-
Notifications
You must be signed in to change notification settings - Fork 260
Description
I have a vcf file where both the genotype (GT) and the read depth (DP) is given for each sample. I would like to set all genotypes where the read depth is below x (DP<x) to missing (GT-->'.'). For that, I use the bcftools +setGT pluging. However, the filtering for genotypes with a low read depth does not do what it should do if I set the limit x too high.
Here is a minimal working example:
bcftools view -H minimal_vcf_file_2_samples_gt_and_dp.vcf.gz
1 1890 . A G 0.2 . . GT:DP 1/1:12 0/0:102 0/1:10 1/1:20
2 1991 . G T 0.9 . . GT:DP 1/1:8 0/1:100 0/0:11 0/0:11
bcftools +setGT minimal_vcf_file_2_samples_gt_and_dp.vcf.gz -- -t q -n . -e 'FMT/DP>=12' | bcftools view -H
Filled 8 alleles
1 1890 . A G 0.2 . . GT:DP 1/1:12 0/0:102 ./.:10 1/1:20
2 1991 . G T 0.9 . . GT:DP ./.:8 0/1:100 ./.:11 ./.:11`
That is as expected: the genotypes with read depth below 12 are set to missing.
But here is the problem:
bcftools +setGT minimal_vcf_file_2_samples_gt_and_dp.vcf.gz -- -t q -n . -e 'FMT/DP>=101' | bcftools view -H
Filled 6 alleles
1 1890 . A G 0.2 . . GT:DP ./.:12 0/0:102 ./.:10 ./.:20
2 1991 . G T 0.9 . . GT:DP 1/1:8 0/1:100 0/0:11 0/0:11
In the second row, no genotypes are filled.
But when I do:
bcftools +setGT minimal_vcf_file_2_samples_gt_and_dp.vcf.gz -- -t q -n . -e 'FMT/DP>=100' | bcftools view -H
Filled 12 alleles
1 1890 . A G 0.2 . . GT:DP ./.:12 0/0:102 ./.:10 ./.:20
2 1991 . G T 0.9 . . GT:DP ./.:8 0/1:100 ./.:11 ./.:11
It behaves as expected. Could you help me figure out what is going on?

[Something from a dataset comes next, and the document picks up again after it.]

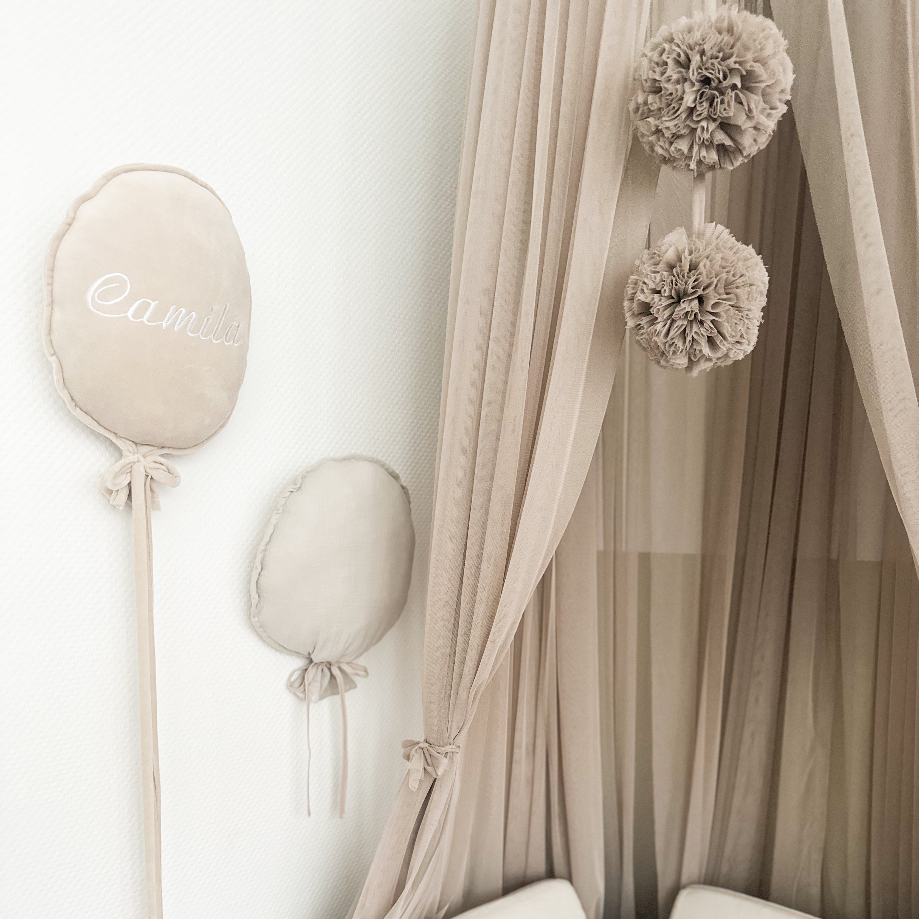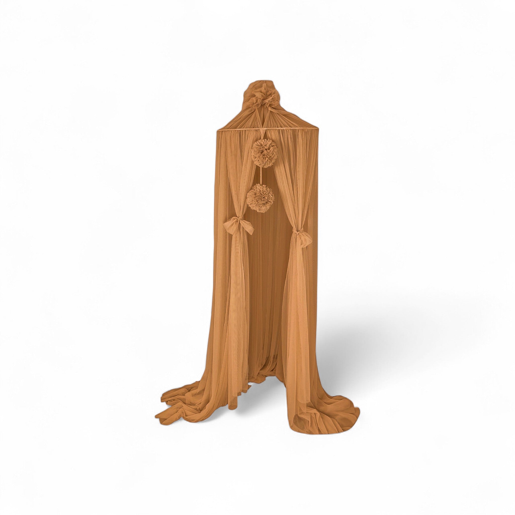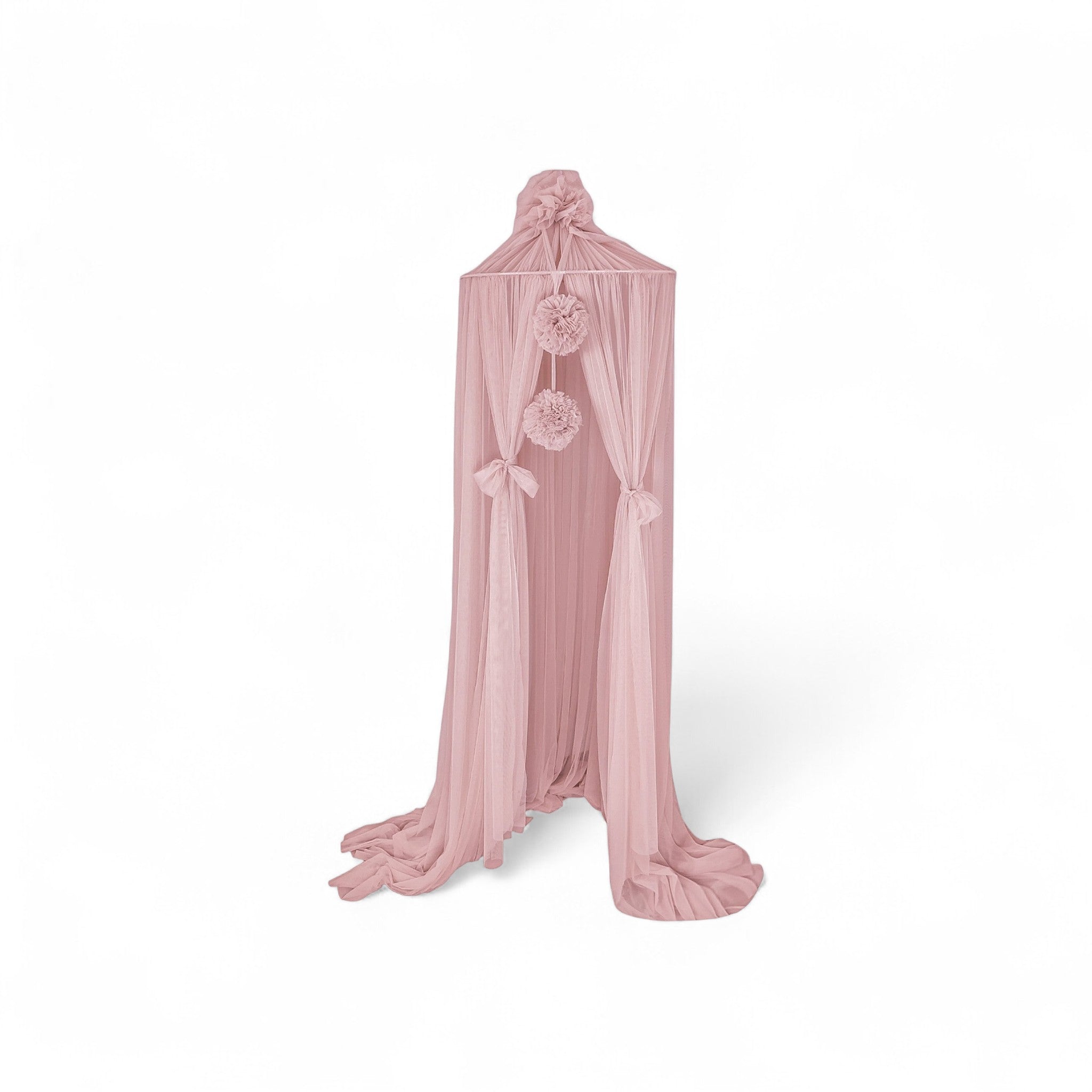 Der zarte, fließende Tüll fällt elegant bis zum Boden und sorgt gemeinsam mit den verspielten Pom-Poms und den hübschen Schleifen für eine märchenhafte Optik. Mit nur wenigen Handgriffen lässt sich der Baldachin anbringen und wird sofort zum Blickfang im Raum.

Maybe it ignores the command if for a specific variant/row no sample is above the threshold?
My version is
bcftools --version
bcftools 1.12
Using htslib 1.12
I would appreciate your help, thank you.
UPDATE: I think the problem is that bcftools is not setting any genotypes for a row/variant if the set of excluded samples is empty. That is a problem since instead of setting genotypes for all samples, it does it for no samples. However, by replacing exclusion by an inclusion (-e to -i) and reversing the filtering condition (>= to <), the bug can be fixed: if the set of genotypes to be set is empty, not doing anything is exactly what you want the command to do:
bcftools +setGT minimal_vcf_file_2_samples_gt_and_dp.vcf.gz -- -t q -n . -i 'FMT/DP<101' | bcftools view -H
Filled 14 alleles
1 1890 . A G 0.2 . . GT:DP ./.:12 0/0:102 ./.:10 ./.:20
2 1991 . G T 0.9 . . GT:DP ./.:8 ./.:100 ./.:11 ./.:11
It might still be good to fix this bug though.